Our analysis was limited to the matching characteristics available in our source data (i.e., age, sex, BMI, and preoperative TUG time). The use of additional matching characteristics might allow for a further-refined matching strategy, resulting in improvements to the precision of the predictions. For example, patients’ pain status, comorbidity status, or surgical variables (i.e., implant type, procedure type) might be expected to influence prognosis. Future analyses that incorporate these variables would be worth pursuing. However, it is likely that some unmeasured variables are co-linear with age, sex, BMI, and preoperative TUG time and are thus somewhat baked into the current analysis. Moreover, our results suggest that the neighbors-based predictions performed well even with a small number of matching characteristics.

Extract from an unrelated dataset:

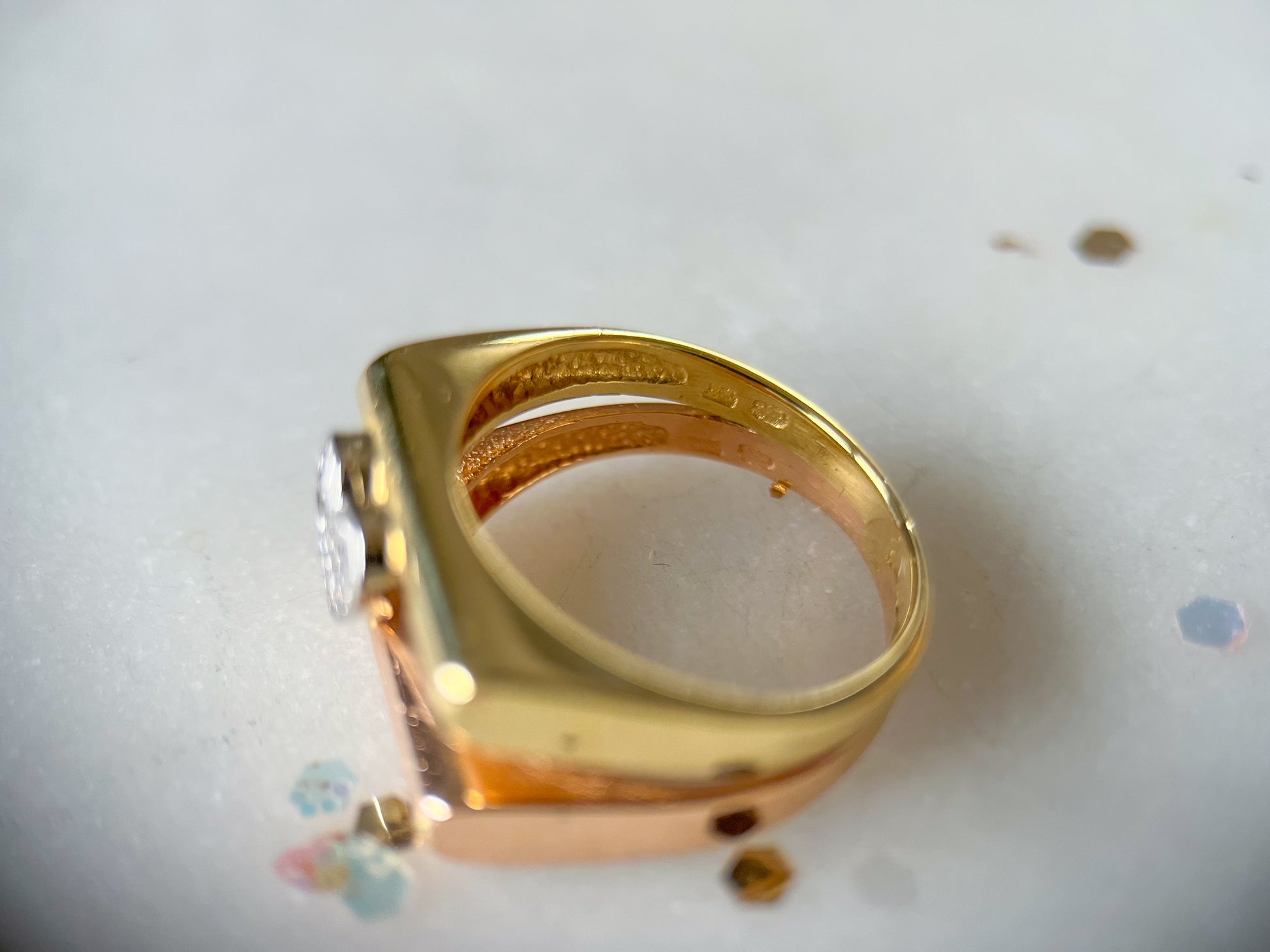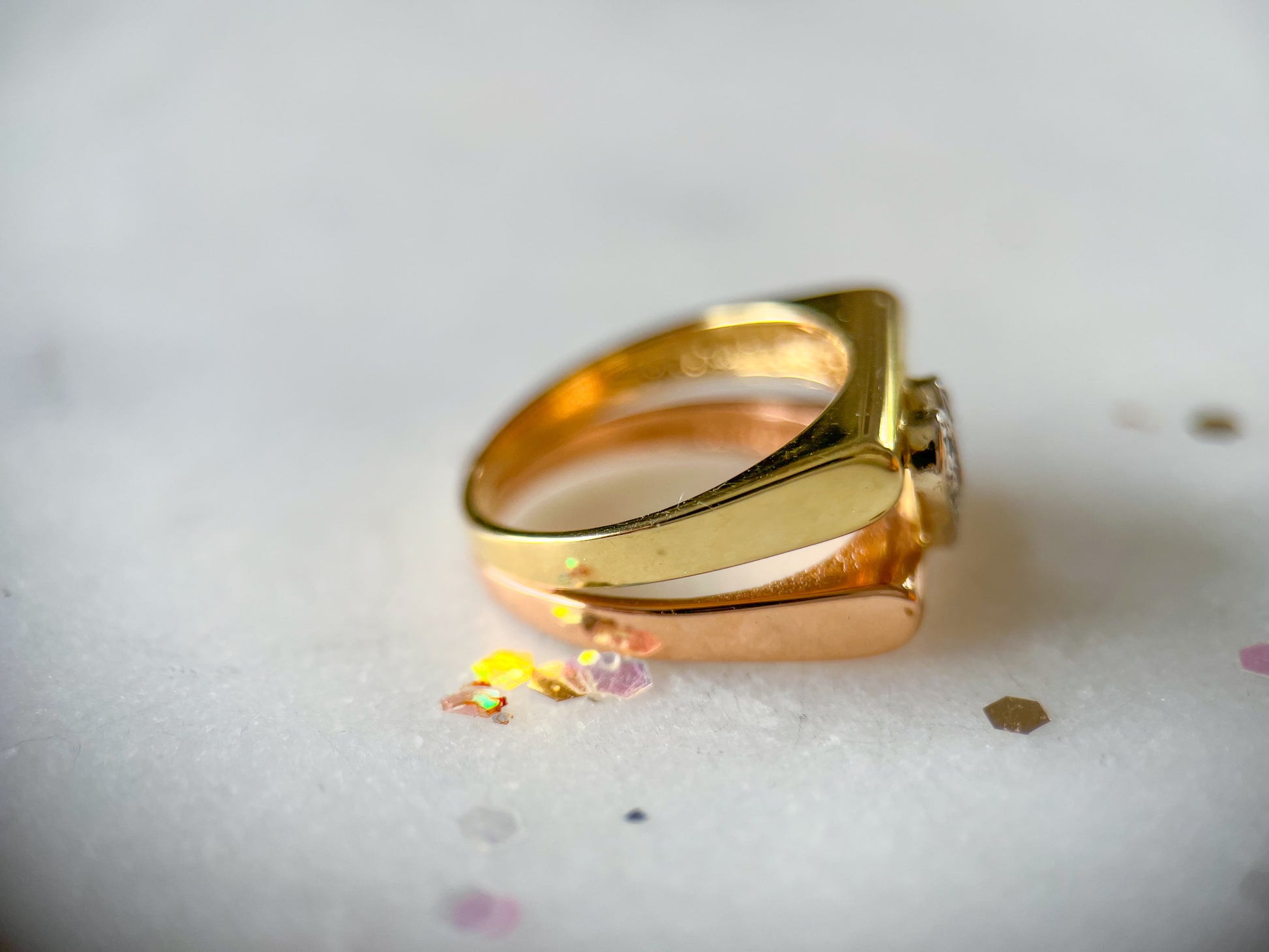 Vintage, 14k two toned rose gold and yellow gold ring with natural diamonds. This ring is a size 5 1/4 and boasts a beautiful heart made of small, round, natural diamonds, weighing approx. 0.10cttw. This ring weighs 3.77 g and is stunning! Can be resized at your local jeweler within reason.

A limitation of our study is the use of patient data from a small number of research and clinical datasets, as care paradigms and patient demographics may differ across settings and geographical locations. Additionally, our relatively high rates of missingness may be attributed to the challenges of performing rigorous data collection in the context of routine clinical practice. Thus, our study sample is likely to differ from other specific patient samples. Our calibration findings in a temporal validation are encouraging. Nevertheless, the prediction approach should be tested in prospectively enrolled participants to further examine the generalizability.

In conclusion, a novel neighbors-based prediction approach was used to estimate postoperative TUG times following TKA surgery, utilizing patient age, sex, BMI, and preoperative TUG time. Predictions performed accurately in estimating observed TUG times at any point during first six months following surgery, according to both within-sample and out-of-sample testing. This approach could be used to inform the understanding of functional prognosis for individual patients for this common elective surgery.